▶ **INPUT DATA**:
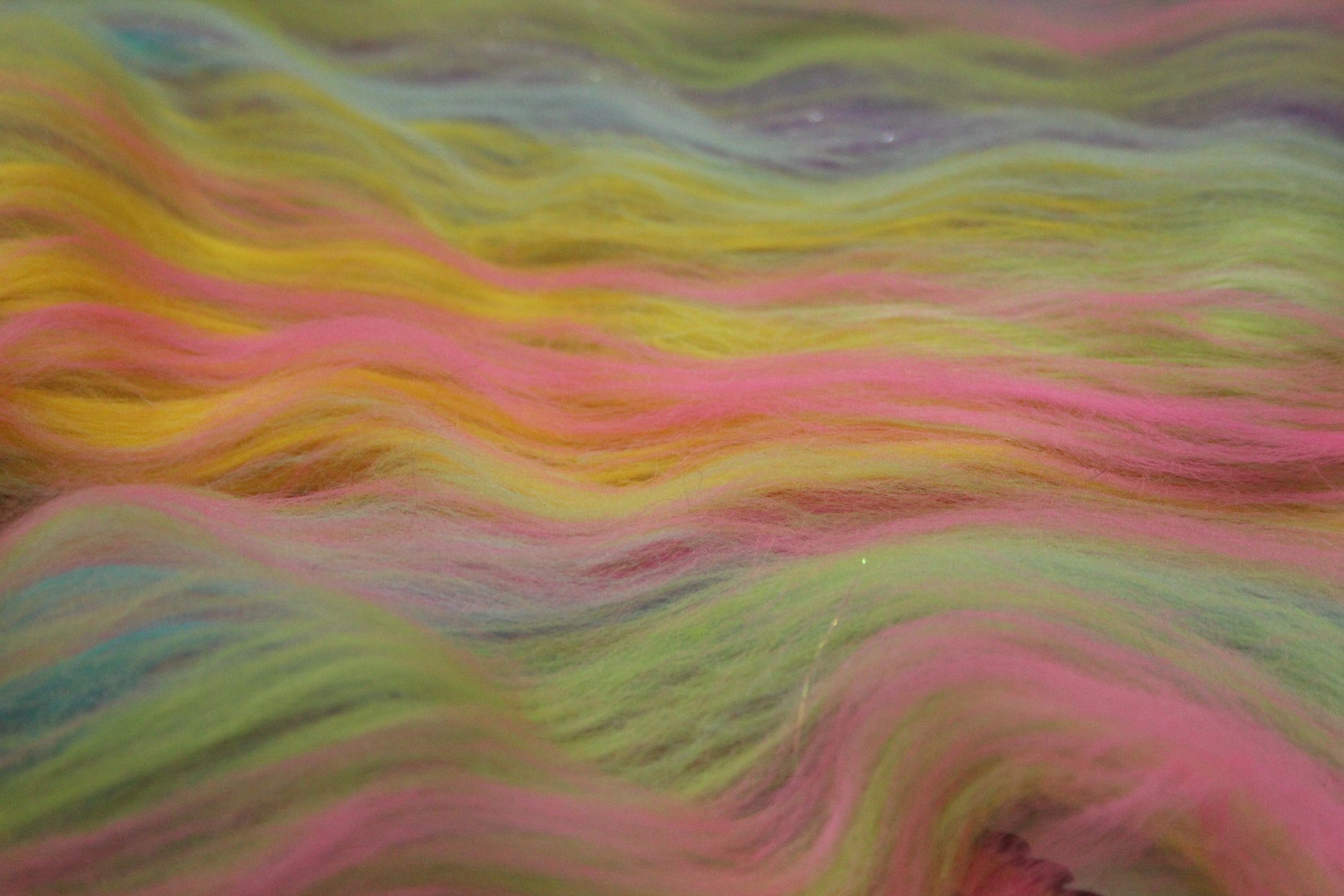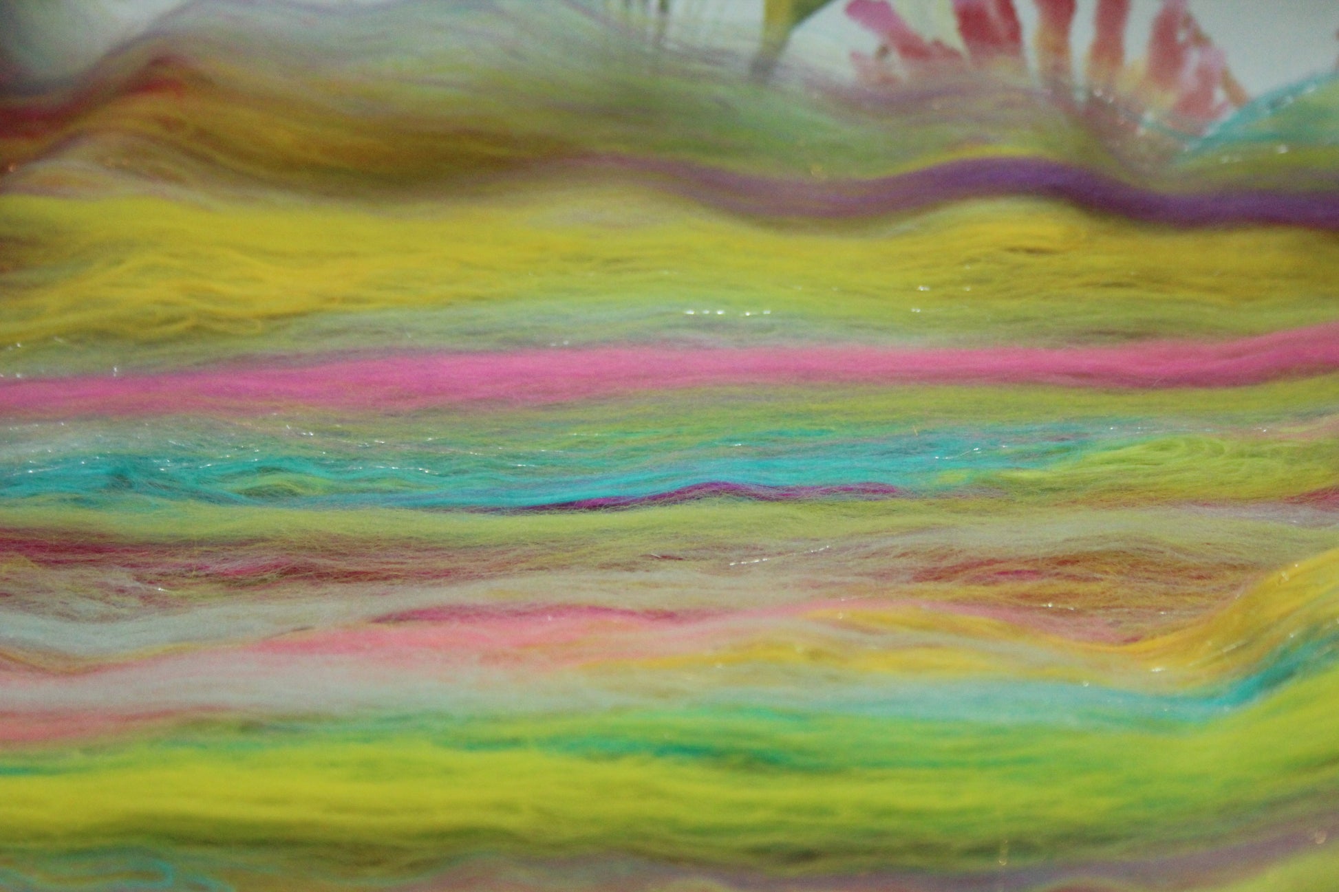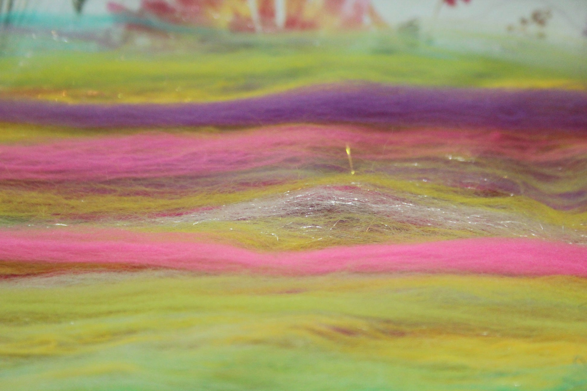 Merino Art Batt - Green Yellow Pink Orange Blue Purple - 56 grams 1.9 oz - Wool for felting, spinning and weaving
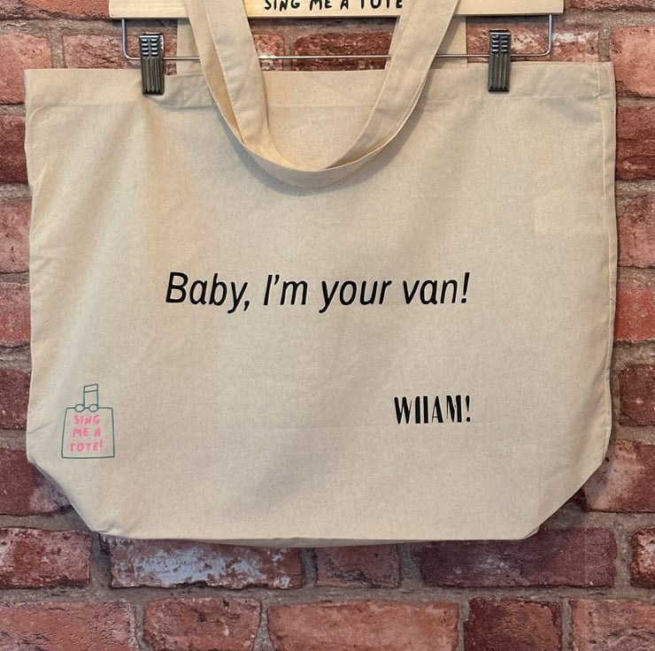 Thank you for looking at our hand crafted cotton tote bags featuring a song pun from a popular Wham! song.
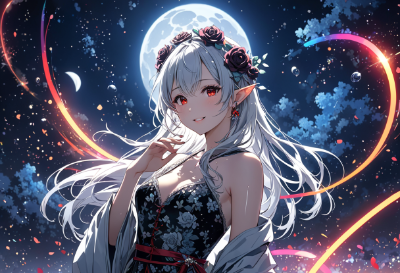 8K resolution,Atmosphere of fantasy:1,5, ((perfectly aligned fingers)),((cinematiclight,masterpiece,best quality,Ultra extremely detail everyone ,perfect anatomy,high-resolution,highres,extremely detailed,sharp focus)),((high-contrast:1.6,strong back-light, flower print)) ,((from back:1.5,extreme close-up ear:1.5 and extreme zoom-up ear, child elf wearing glossy decoration glitter gorgeous silk fabric gothic light-blue-color yukata to with brilliant sequins,wearing corset, wearing very large gothic ribbon of rose form on head,see-through short-skirt ,white unserwear,wearing see-through tights ,wearing white hoodie)),(best detailed red Eyes with Flashy mascara and reflection), (messy platinum white hair),elf ear with big red earrings ,wetting face,blush,enough lip with lipstick and wet,Skin Gloss and skin is soaking wet, wet-lip:1.5,big hip,((bit opened mouth with smile)),small breasts,armpit ,Sweat,tatoo-art printed Skin Gloss at legs and body and face and arms,standing and dancing and looking at viewer,BREAK,((fireworks,space,the universe,moon,starts)),BREAK,((magic effects of red fire)),BREAK,Cloudy,lightning,big Bubbles,BREAK,blooming white rose farm, <lora:hohoaka:1> <lora:make25d_type1_v100:1>,,

▶ **PROMPT**: Give back each line above verbatim, dropping every picture.

▶ **PROBLEM SOLUTION**:
 Merino Art Batt - Green Yellow Pink Orange Blue Purple - 56 grams 1.9 oz - Wool for felting, spinning and weaving
 Thank you for looking at our hand crafted cotton tote bags featuring a song pun from a popular Wham! song.
 8K resolution,Atmosphere of fantasy:1,5, ((perfectly aligned fingers)),((cinematiclight,masterpiece,best quality,Ultra extremely detail everyone ,perfect anatomy,high-resolution,highres,extremely detailed,sharp focus)),((high-contrast:1.6,strong back-light, flower print)) ,((from back:1.5,extreme close-up ear:1.5 and extreme zoom-up ear, child elf wearing glossy decoration glitter gorgeous silk fabric gothic light-blue-color yukata to with brilliant sequins,wearing corset, wearing very large gothic ribbon of rose form on head,see-through short-skirt ,white unserwear,wearing see-through tights ,wearing white hoodie)),(best detailed red Eyes with Flashy mascara and reflection), (messy platinum white hair),elf ear with big red earrings ,wetting face,blush,enough lip with lipstick and wet,Skin Gloss and skin is soaking wet, wet-lip:1.5,big hip,((bit opened mouth with smile)),small breasts,armpit ,Sweat,tatoo-art printed Skin Gloss at legs and body and face and arms,standing and dancing and looking at viewer,BREAK,((fireworks,space,the universe,moon,starts)),BREAK,((magic effects of red fire)),BREAK,Cloudy,lightning,big Bubbles,BREAK,blooming white rose farm, <lora:hohoaka:1> <lora:make25d_type1_v100:1>,,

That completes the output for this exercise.